Literature DB >> 21626126

Arachidonic acid accumulates in the stromal macrophages during thymus involution in diabetes.

Alexandra T Gruia1, Lucian Barbu-Tudoran, Ani A Mic, Valentin L Ordodi, Virgil Paunescu, Felix A Mic.   

Abstract

Diabetes is a debilitating disease with chronic evolution that affects many tissues and organs over its course. Thymus is an organ that is affected early after the onset of diabetes, gradually involuting until it loses most of its thymocyte populations. We show evidence of accumulating free fatty acids with generation of eicosanoids in the diabetic thymus and we present a possible mechanism for the involution of the organ during the disease.
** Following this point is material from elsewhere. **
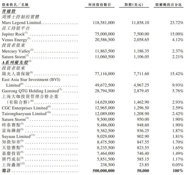 IPO前,周灏通过Mars Legend Limited直接持股为23.72%,员工持股平台Jupiter Rock持股为15%,员工持股平台Venus Energy持股为4.12%。

Young rats were injected with streptozotocin and their thymuses examined for cell death by flow cytometry and TUNEL reaction. Accumulation of lipids in the diabetic thymus was investigated by histology and electron microscopy. The identity and quantitation of accumulating lipids was done with gas chromatography-mass spectrometry and liquid chromatography. The expression and dynamics of the enzymes were monitored via immunohistochemistry. Diabetes causes thymus involution by elevating the thymocyte apoptosis. Exposure of thymocytes to elevated concentration of glucose causes apoptosis. After the onset of diabetes, there is a gradual accumulation of free fatty acids in the stromal macrophages including arachidonic acid, the substrate for eicosanoids. The eicosanoids do not cause thymocyte apoptosis but administration of a cyclooxygenase inhibitor reduces the staining for ED1, a macrophage marker whose intensity correlates with phagocytic activity. Diabetes causes thymus involution that is accompanied by accumulation of free fatty acids in the thymic macrophages. Excess glucose is able to induce thymocyte apoptosis but eicosanoids are involved in the chemoattraction of macrophage to remove the dead thymocytes.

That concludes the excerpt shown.